The Senate Environment and Public Works Committee is set to vote on Scott Pruitt’s nomination to lead the Environmental Protection Agency on Wednesday, despite complaints from Democrats that he didn’t thoroughly answer all their questions.

Democrats on the committee, led by Sen. Tom Carper (D-Del.), criticized Pruitt for offering evasive answers to more than 1,078 questions for the record after his hearing earlier this month, and have called on Committee Chairman John Barrasso (R-Wy.) to push back the date of the vote. However, they have not gone so far as to threaten to block the vote from happening, as occurred on Tuesday with the confirmation votes for the heads of the Department of Health of Human Services and the Department of Treasury.

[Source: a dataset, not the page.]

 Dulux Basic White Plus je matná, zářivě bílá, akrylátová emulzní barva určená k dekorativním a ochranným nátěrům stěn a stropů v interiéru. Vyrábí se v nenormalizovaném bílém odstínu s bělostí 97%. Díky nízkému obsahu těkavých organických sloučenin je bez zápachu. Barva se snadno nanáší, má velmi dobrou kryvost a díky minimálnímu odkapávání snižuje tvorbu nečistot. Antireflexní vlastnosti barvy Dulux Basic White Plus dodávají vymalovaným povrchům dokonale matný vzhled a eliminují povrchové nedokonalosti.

Democrats asked Pruitt to share all communications he had with outside groups while serving as attorney general of Oklahoma, and Pruitt only responded that they should request the documents from his office. They also complained in a letter to Barrasso that many of Pruitt’s answers on policies did not entirely address the question. And they criticized the nominee for not promising to indefinitely recuse himself from issues relating to lawsuits he was involved in as attorney general.

The debate over Pruitt’s nomination has played out along partisan lines, and no Republicans have indicated they would oppose him. Barrasso praised Pruitt for his answers, Sen. Jim Inhofe (R-Okla.) said Pruitt is a good friend, Sen. Shelley Moore Capito (R-W.Va.) plans to support Pruitt, and a spokesman for Sen. Dan Sullivan (R-Alaska) told Morning Consult he will also vote in favor.

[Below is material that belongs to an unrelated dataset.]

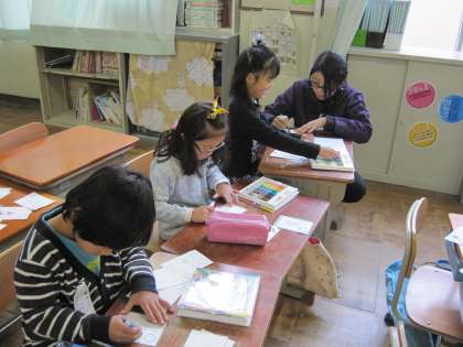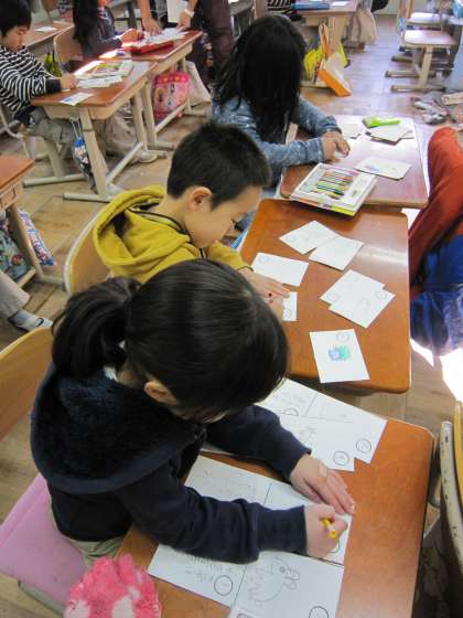 1年2組では,かるた作りをしています。言葉を書き終えた子たちは,絵を描き色を塗りはじめました。

While no Democrats on the committee have indicated support for Pruitt, Sen. Joe Manchin (D-W.Va.) reportedly praised him, saying Pruitt “has the right experience for the position.”

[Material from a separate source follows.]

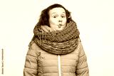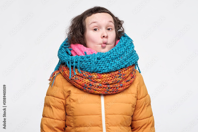 Young woman in several scarfs making funny grimace looking at camera with sad expression

Such a polarized committee vote is nothing new for the position of EPA administrator. In 2013, all eight Republicans on the committee refused to attend the committee vote on Gina McCarthy’s confirmation. In that case, Republicans complained that McCarthy had “stonewalled” them on questions about the EPA’s history on Freedom of Information Act requests, email policies, data access, economic analyses, and other issues.

McCarthy was ultimately confirmed by the full Senate in a 59-40 vote, garnering support from six Republicans and losing one Democrat. Another senator did not vote.

Democrats have pointed to other examples in which Republican senators have pushed back Cabinet votes to take more time to ask questions. Sen. Ed Markey (D-Mass.) noted in a statement that in 2013, Republican senators delayed a vote in the Senate Armed Services Committee and a full Senate vote on Chuck Hagel’s nomination to be secretary of Defense.